→ What you are asked to do: Of the material below, the lines to be retyped are those from the line containing "The nuthatch was" through the line containing "Von ABER gibt", inclusive; reproduce them exactly.

━━ Record excerpts

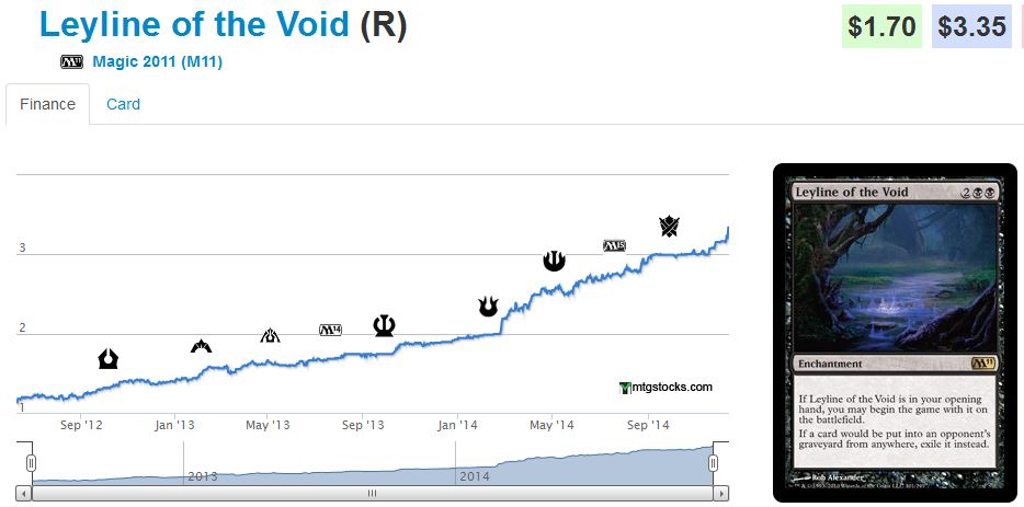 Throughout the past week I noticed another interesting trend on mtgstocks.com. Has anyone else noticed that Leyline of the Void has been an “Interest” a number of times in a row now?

━━━━
━━ Record excerpts

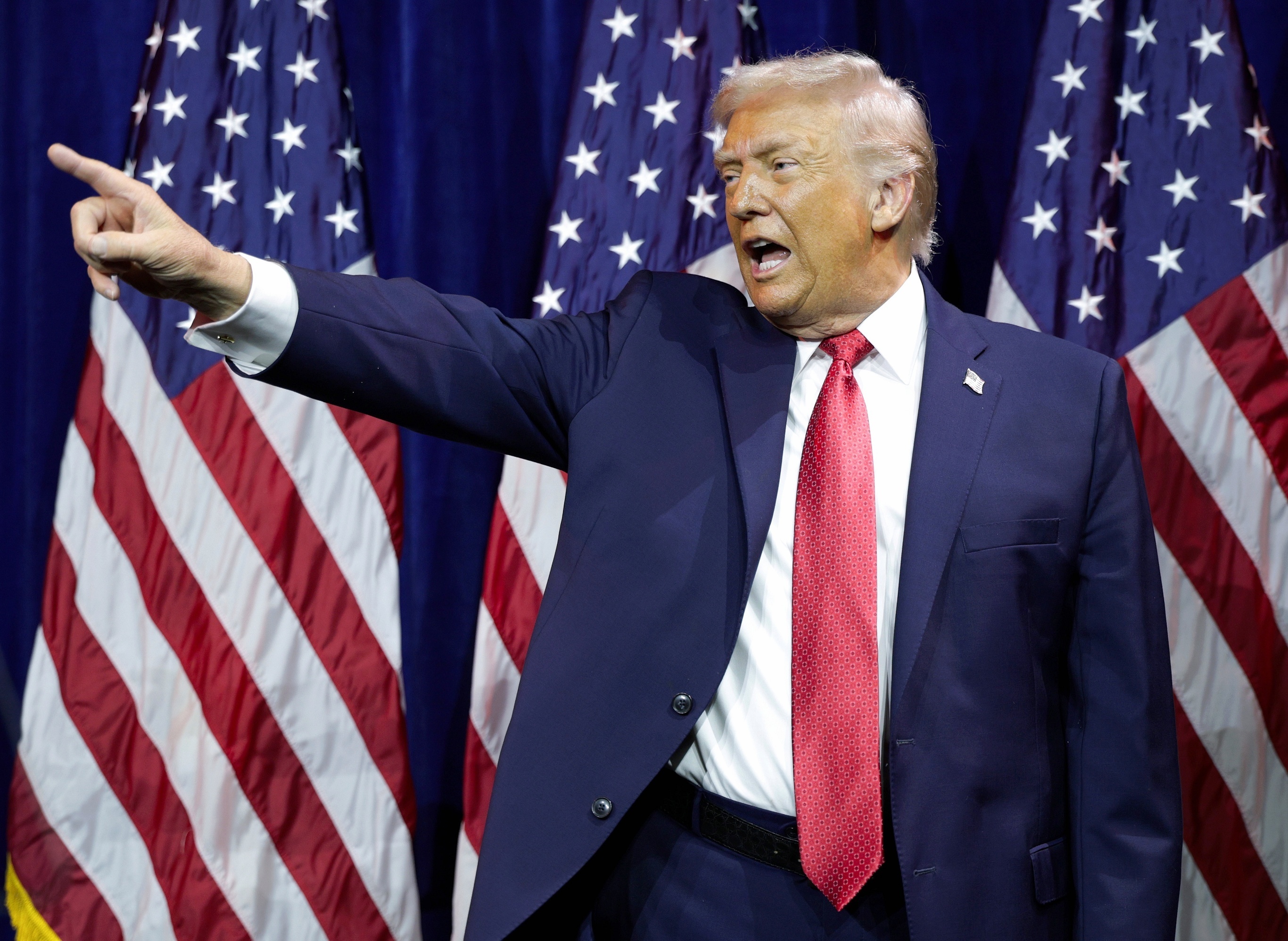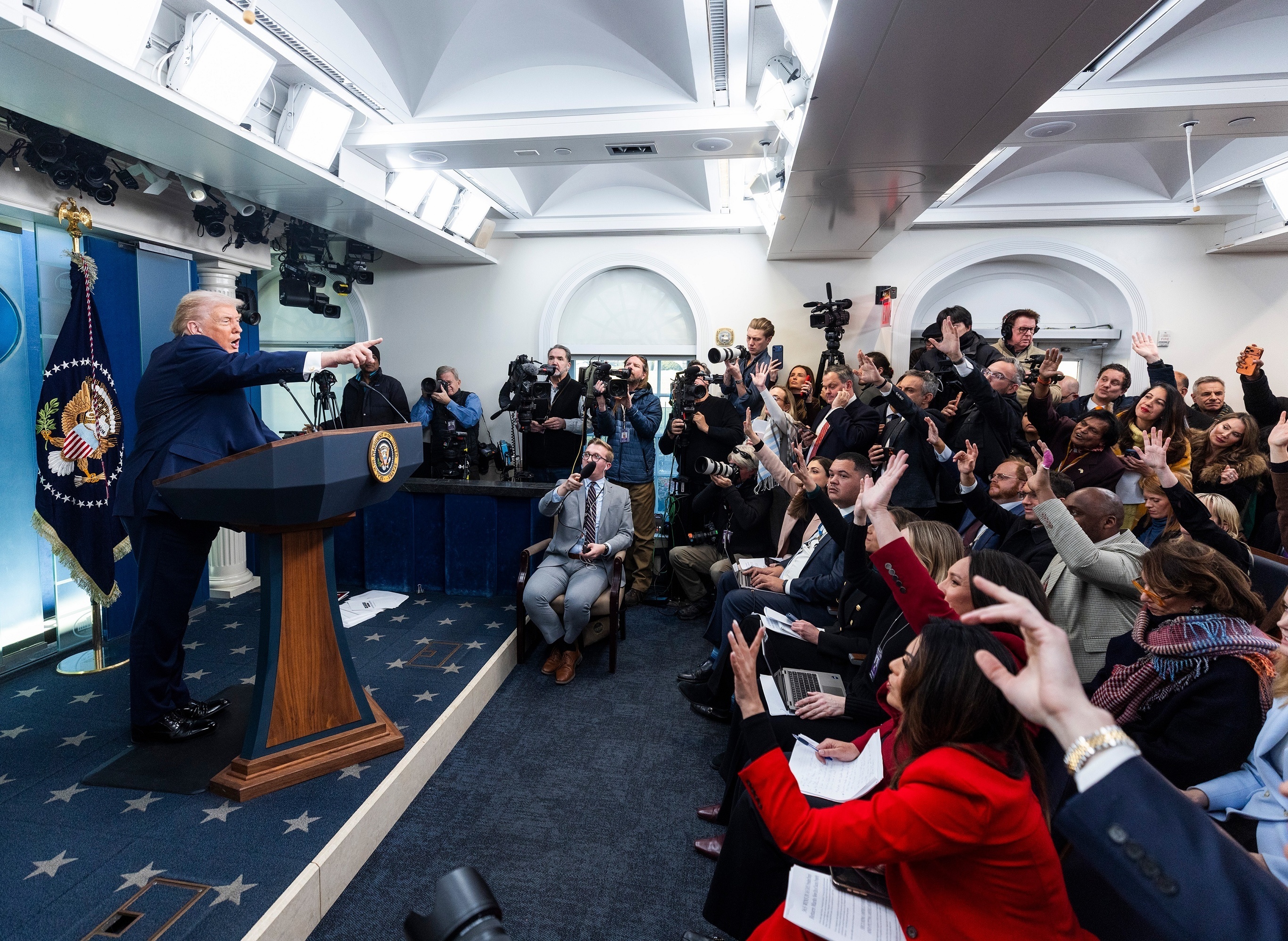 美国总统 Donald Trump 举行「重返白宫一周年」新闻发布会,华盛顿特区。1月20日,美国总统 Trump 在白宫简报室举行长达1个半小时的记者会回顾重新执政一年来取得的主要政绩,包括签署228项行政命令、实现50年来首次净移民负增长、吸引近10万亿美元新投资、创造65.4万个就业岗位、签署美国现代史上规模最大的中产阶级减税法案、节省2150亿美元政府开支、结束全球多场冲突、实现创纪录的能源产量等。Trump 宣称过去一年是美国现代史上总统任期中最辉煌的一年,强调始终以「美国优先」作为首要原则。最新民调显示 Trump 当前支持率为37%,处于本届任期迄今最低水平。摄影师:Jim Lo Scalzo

━━━━
━━ Record excerpts

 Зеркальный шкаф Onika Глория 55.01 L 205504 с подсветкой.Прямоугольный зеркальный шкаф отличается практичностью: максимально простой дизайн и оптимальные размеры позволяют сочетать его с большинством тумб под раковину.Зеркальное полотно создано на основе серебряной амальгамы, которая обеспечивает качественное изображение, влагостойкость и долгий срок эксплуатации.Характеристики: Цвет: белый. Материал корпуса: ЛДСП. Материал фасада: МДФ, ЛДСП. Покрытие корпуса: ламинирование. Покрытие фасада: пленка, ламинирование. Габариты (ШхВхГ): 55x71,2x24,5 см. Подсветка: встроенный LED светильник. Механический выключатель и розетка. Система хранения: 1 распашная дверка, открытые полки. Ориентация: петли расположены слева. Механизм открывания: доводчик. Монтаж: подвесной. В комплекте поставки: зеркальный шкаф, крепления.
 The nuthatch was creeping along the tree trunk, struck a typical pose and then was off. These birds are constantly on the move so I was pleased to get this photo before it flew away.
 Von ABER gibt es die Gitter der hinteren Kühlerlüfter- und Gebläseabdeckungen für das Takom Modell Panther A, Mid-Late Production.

━━━━

→ Answer to this task:
 The nuthatch was creeping along the tree trunk, struck a typical pose and then was off. These birds are constantly on the move so I was pleased to get this photo before it flew away.
 Von ABER gibt es die Gitter der hinteren Kühlerlüfter- und Gebläseabdeckungen für das Takom Modell Panther A, Mid-Late Production.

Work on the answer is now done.